During seven-on-seven or 11-on-11 work, starters and primary backups occupied Field One, with Field Two used mostly by those clawing for a roster or practice-squad spot. The benefits were at least twofold, providing adequate reps to the nearly 90 players suited up, and offering observers an idea of which rookies have made the most profound first impressions.
Based on those dual-field practices (and a fourth in which team work was confined mostly to one field), we now have a rough idea of where each member of the latest draft class may fit in the 2021 depth chart — or if they fit at all.
We break it down here, but bear in mind: The Bucs don’t practice in full pads until Saturday, when performances and perspectives can change.
(Also note that cornerback Chris Wilcox, a seventh-round pick, has a hamstring issue and remains on the active/physically unable to perform list.)
Outside linebacker Joe Tryon (first round)
The former Washington edge rusher was a Field One fixture, impressing coaches and peers with his burst and aggressiveness. Following the inaugural practice, Coach Bruce Arians said Tryon “showed up and flashed” during team work.

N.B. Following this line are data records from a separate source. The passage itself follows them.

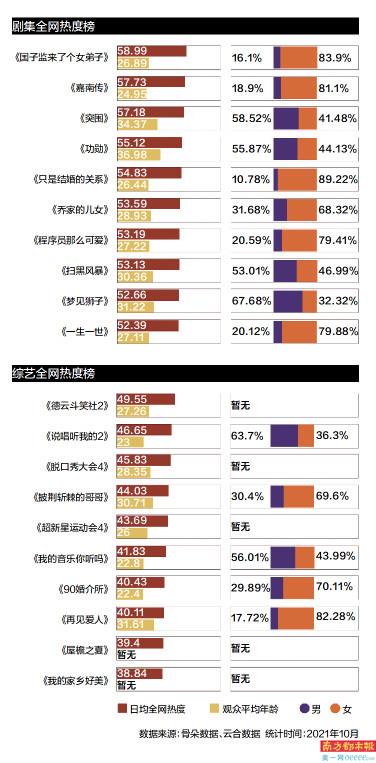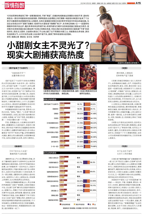 10月的荧屏仿佛受到了第一波寒潮的影响,不断“降温”。在播的电视剧能达到爆款水准的不多,题材和类型也一直在市场最受欢迎的甜宠剧、荧屏刚需的主旋律剧之间打圈圈:有甜宠古偶《国子监来了个女弟子》《嘉南传》轻易捕获年轻人的眼球,也有主旋律剧《突围》《功勋》等牢牢锁定中年观众的遥控器。为迎合女性观众对于“甜剧”的偏好,视频平台大量制造“炼糖剧”和CP,本月两位炼糖小主——赵露思和鞠婧祎均有作品出炉,槽点多多却依旧热度不减,收视热度与口碑评分的倒挂现象已越发成为常态,显示剧方在收割流量还是口碑这两个标准之间顾此失彼,年轻主角们也没有找到自己越来越“不香”的症结所在。现实主义题材、主旋律大剧当仁不让地占据了当下荧屏的半壁江山,但能集结众多戏骨,源自生活的烟火气,让它们在热议度上也丝毫不落下风,赢得了跨年龄层观众的青睐。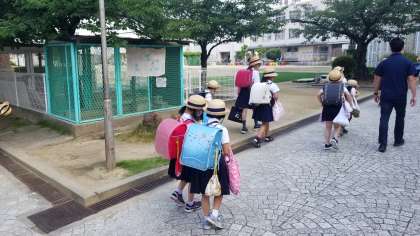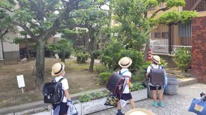 「先生、あそこに、セミがいる。」と子どもたちはすぐにセミを見つけることができます。すごい能力ですね。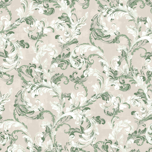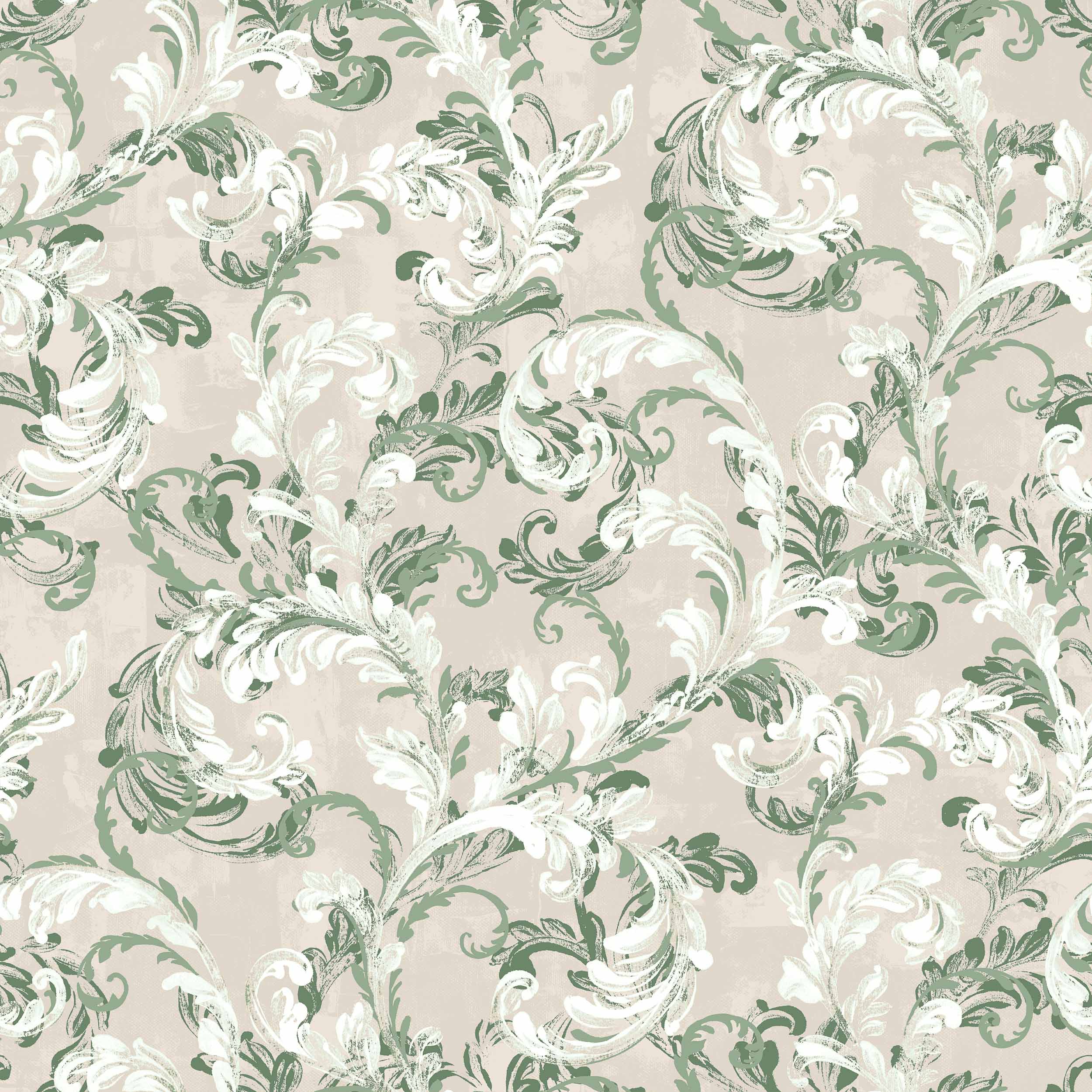 Byzantine Damask, Sage, Coordonne, 5mp / rola Tapet Damasc Bizantin Verde Salvie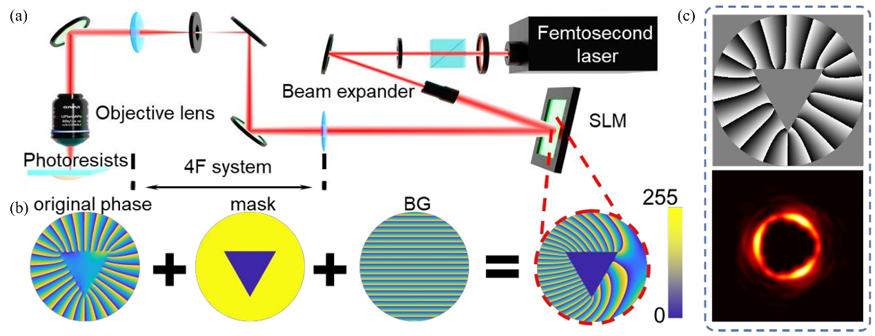 圖3(a)空間光調制器輔助的飛秒激光雙光子加工系統;(b)空間光調制上的加載相位;(c)離散渦旋光束全息圖及聚焦光斑

While a likely backup for now, he projects as a part of the edge-rusher rotation and clearly is being groomed as the heir to surgically mended veteran Jason Pierre-Paul, who at 32 is in the final year of a two-year, $25 million deal.
“He looks like he can play,” tight end Rob Gronkowski said. “He’s got the ideal typical body type for a defensive end. He has explosion coming off the line, no doubt about that. He’s big, he’s lengthy, which is what you want. He’s strong, too, but we’ll really see what he has when we put the pads on.”
Quarterback Kyle Trask (second round)
Any thoughts of Trask contending with veteran Blaine Gabbert for the No. 2 job essentially have been laid to rest for now. While Gabbert worked with Tom Brady on Field One, Trask shared snaps with Ryan Griffin on Field Two. So far, his reps during full-team work have been scarce.
A microcosm of his camp to date occurred Wednesday morning, when the record-setting former Gator found Josh Pearson on a nice corner route for a touchdown before being intercepted by veteran Ross Cockrell. Not that Trask is in danger of not making the team; to the contrary, he’s a lock as a second-round investment. Just don’t be shocked if he’s inactive for several Sundays this fall.
“He’s done a real good job on the other field,” Arians said Tuesday. “He’s still learning when it’s this fast. He’s not used to seeing it this fast, especially in that two-minute drill or that last period. But he’s growing. He’s in no hurry.”
Offensive lineman Robert Hainsey (third round)
Though he started 34 games for Notre Dame at right tackle, Hainsey said Tuesday he has trained almost exclusively at center, where 30-year-old veteran Ryan Jensen will play the final year of his contract in 2021. Whether the Bucs attempt to re-sign Jensen, who has made nearly every offensive snap for the team since 2018, remains unclear.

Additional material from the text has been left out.